The final scoring will be nothing but the average of all three scores.
We are using Docker
and docker-compose
to ease the application packaging and deploying process.
We are using Mocha
and Chai
for performing unit testing and assertion. To measure and generate the coverage report, we are using Istanbul
.
The engineering of the application leverages the TypeScript
's Object Oriented functionalities. We are using concepts such as Inheritance, and Encapsulation to make the application strictly typed, more resilient, and secure.

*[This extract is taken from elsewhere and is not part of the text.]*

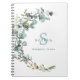Cuaderno de planes de boda con monograma botánico de eucalipto y brillo dorado... Nuestro cuaderno de ideas de boda botánicas para novias presenta un arreglo de hermosas hojas de eucalipto pintadas con acuarela y follaje dorado que enmarcan el nombre de la novia, la inicial del monograma y el título del cuaderno. Un regalo de despedida de soltera considerado.

The engineered application project structure looks like the following tree:
.
├── app.ts
├── data
│ ├── project.json
│ └── profile.csv
├── lib
│ ├── helper
│ │ └── helper.ts
│ ├── nlp
│ │ ├── fuzzy.ts
│ │ ├── normalizer.ts
│ │ └── tfidf.ts
│ └── profiler.ts
├── model
│ ├── city.ts
│ ├── location.ts
│ ├── person.ts
│ └── profile.ts
└── tests
├── fixtures
│ └── project.ts
└── unit
├── helper
│ ├── helper.spec.ts
│ └── profiler.spec.ts
├── model
│ ├── person.spec.ts
│ └── profile.spec.ts
└── nlp
├── fuzzy.spec.ts
├── normalizer.spec.ts
└── tfidf.spec.ts
11 directories, 21 files
The following block will describe what each directory in the project structure represents.
-
The file
app.ts
holds the main function which will drive the full flow from data ingestion to scoring and result printing. -
The
lib
directory will hold all the classes that are required to perform candidate profiling.-
The Helper class in
src/lib/helper/helper.ts
holds utilities for all the basic tasks required to be shared by multiple classes such as loading CSV and JSON files, measuring distance and radius. -
The FuzzyMatch class in
src/lib/nlp/fuzzy.ts
will provide the fuzzy matching related functionalities. -
The Normalizer class in
src/lib/nlp/normalizer.ts
will provide the text normalization functionality. -
The NlpTfIdf class in
src/lib/nlp/tfidf.ts
will provide the functionality to perform tfidf on any given document. -
The Profiler class in
src/lib/profiler.ts
will provide the ability to perform profiling on any given candidate profile and calculate the final score.
-
-
The
model
directory will hold all the data models for modeling city, location, person, and profile data. -
The
tests
directory has all the unit tests and it's required fixtures to perform testing.
# Clone the Git Repo
> git clone https://github.com/shreyaspatel7/profile-matcher.git
> cd profile-matcher/
# Via NPM
> npm install -D
> env PROFILE_DATA=src/data/profile.csv PROJECT_DATA=src/data/project.json npm start
# Via Docker Compose
> docker-compose run profiler
> PROFILE_DATA=src/data/profile.csv PROJECT_DATA=src/data/project.json npm test
> docker-compose run test
PROFILE_DATA=src/data/profile.csv PROJECT_DATA=src/data/project.json npm run coverage
> docker-compose run coverage
We will be able to get the coverage report in both HTML and CLI format. If we run the coverage via docker compose, the results will be available in the results
directory.